Take an instance — the flower of a plant. However fine and dainty it may look, it is pressed to do a great service and its colors and forms are all suited to its work. It must bring forth the fruit, or the continuity of plant life will be broken and the earth will be turned into a desert ere long. The color and the smell of the flower are all for some purpose; therefore no sooner is it fertilized by the bee, no sooner does the time of its fruition arrive, than it sheds its exquisite petals and a cruel economy compels it to give up its sweet perfume. It has no time to flaunt its finery, for it is busy beyond measure. Viewed from without, necessity seems to be the only factor in Nature, for which everything works and moves. There the bud develops into the flower, the flower into the fruit, the fruit into the seed, the seed into a new plant again, and so forth, the chain of activity running on unbroken. Should there crop up any disturbance or impediment, no excuse would be accepted and the unfortunate thing so choked in its movement would at once be labelled as rejected, and be bound to die and disappear post-haste.
In the great office of Nature, there are innumerable departments with endless work going on, and the fine flower that you behold there, gaudily attired and scented like a dandy, is by no means what it appears to be, but rather is like a laborer toiling in sun and shower, who has to submit a clear account of his work, and has no breathing space to enjoy himself in a playful frolic.
But when this same flower enters the heart of men, its aspect of busy practicalness is gone and it becomes the very emblem of leisure and repose. The same object that is the source of endless activity without, is the perfect expression of beauty and peace within.

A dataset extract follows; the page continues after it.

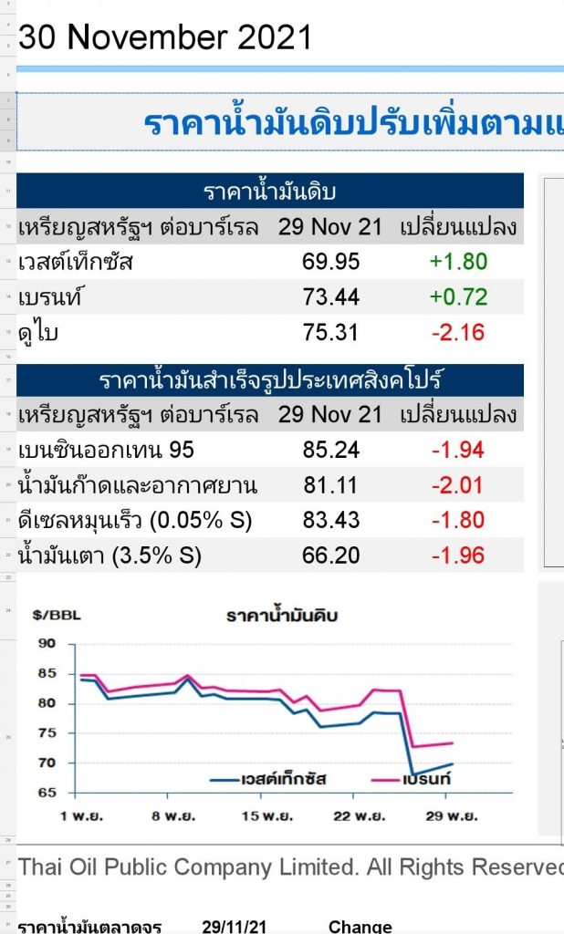 ส่วนความเคลื่อนไหวราคาน้ำมันดิบปิด 29 พ.ย.สัญญาน้ำมันดิบ ส่งมอบเดือน ม.ค. เพิ่มขึ้น 1.80 ดอลลาร์ ปิดที่ 69.95 ดอลลาร์/บาร์เรล, เบรนท์ (BRENT) ส่งมอบเดือนม.ค. เพิ่มขึ้น 72 เซนต์ ปิดที่ 73.44 ดอลลาร์/บาร์เรล.ส่วราคาน้ำมันดิบดูไบที่ไทยใช้อ้างอิงราคาและใช้เป็นฐานคำนวณเศรษฐกิจแม้ราคาปิดลดลงกว่า2ดอลลาร์ปิดที่75.31ดอลลาร์/บาร์เรลแต่ก็เป็นระดับราคาที่สูงกว่าตลาดยุโรป.. สะท้อนการฟื้นตัวของความต้องการใช้ที่เพิ่มขึ้นของภูมิภาคเอเชียโดยเฉพาะอินเดียที่มีความต้องการดีเซลเพิ่มขึ้นมาก
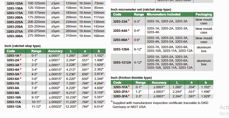 - Metric: 0.01mm

Science here warns us that we are mistaken, that the purpose of the flower is nothing but what is manifested outwardly, and that the relation of beauty and sweetness which we think it bears to us, is all our own making, gratuitous and imaginary.
But our heart replies that we are not in the least mistaken. In the sphere of Nature, the flower carries with it a letter of introduction which recommends it as having immense capacity for doing useful work; but it brings an altogether different introduction when it knocks at the door of our hearts. Beauty, then, is its only recommendation. At one place it comes as a prisoner, and at another, as a free thing. How then should we give credit to its first introduction and disbelieve the second one? That the flower has got its being in the unbroken chain of causation, is true beyond doubt; but that is an outer truth. The inner truth is: ‘Anandádhyéva Khalvimáni bhutáni, jáyanté,’ — verily from the everlasting joy all objects have their birth.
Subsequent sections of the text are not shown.